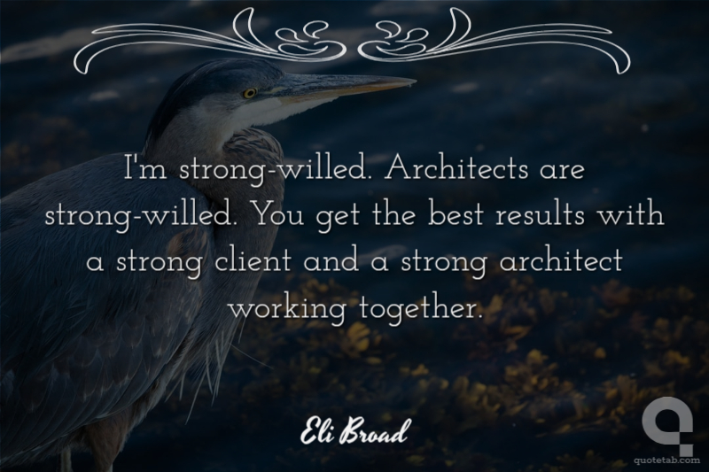 I'm strong-willed. Architects are strong-willed. You get the best results with a strong client and a strong architect working together.
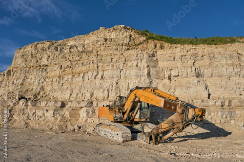 © Igor Syrbu, Obraz premium Excavator stands on the background of a stone quarry.
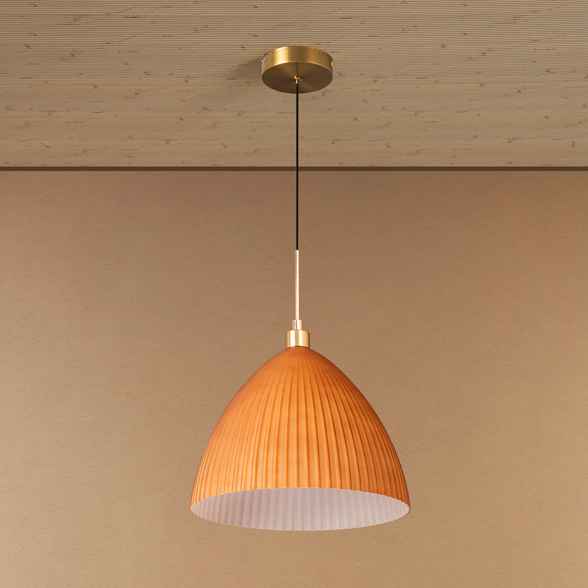 This ceiling light features a graceful dome-shaped silhouette with finely fluted detailing that adds texture and visual depth to its design. Created as a perfect light, home decoration item, and ceiling light for home, it emits a soft, even glow that enhances the ambiance with warmth and elegance. The structured pattern gives it a refined modern ceiling light and designer lighting piece appeal, making it both functional and decorative. Ideal for dining areas, kitchens, or contemporary interiors, this decorative lighting fixture delivers ambient lighting with a timeless and sophisticated charm.

● HOW TO COMPLETE THIS TASK: Line for line, retype the material exactly, omitting any pictures.

● SOLUTION TO THIS TASK:
 I'm strong-willed. Architects are strong-willed. You get the best results with a strong client and a strong architect working together.
 © Igor Syrbu, Obraz premium Excavator stands on the background of a stone quarry.
 This ceiling light features a graceful dome-shaped silhouette with finely fluted detailing that adds texture and visual depth to its design. Created as a perfect light, home decoration item, and ceiling light for home, it emits a soft, even glow that enhances the ambiance with warmth and elegance. The structured pattern gives it a refined modern ceiling light and designer lighting piece appeal, making it both functional and decorative. Ideal for dining areas, kitchens, or contemporary interiors, this decorative lighting fixture delivers ambient lighting with a timeless and sophisticated charm.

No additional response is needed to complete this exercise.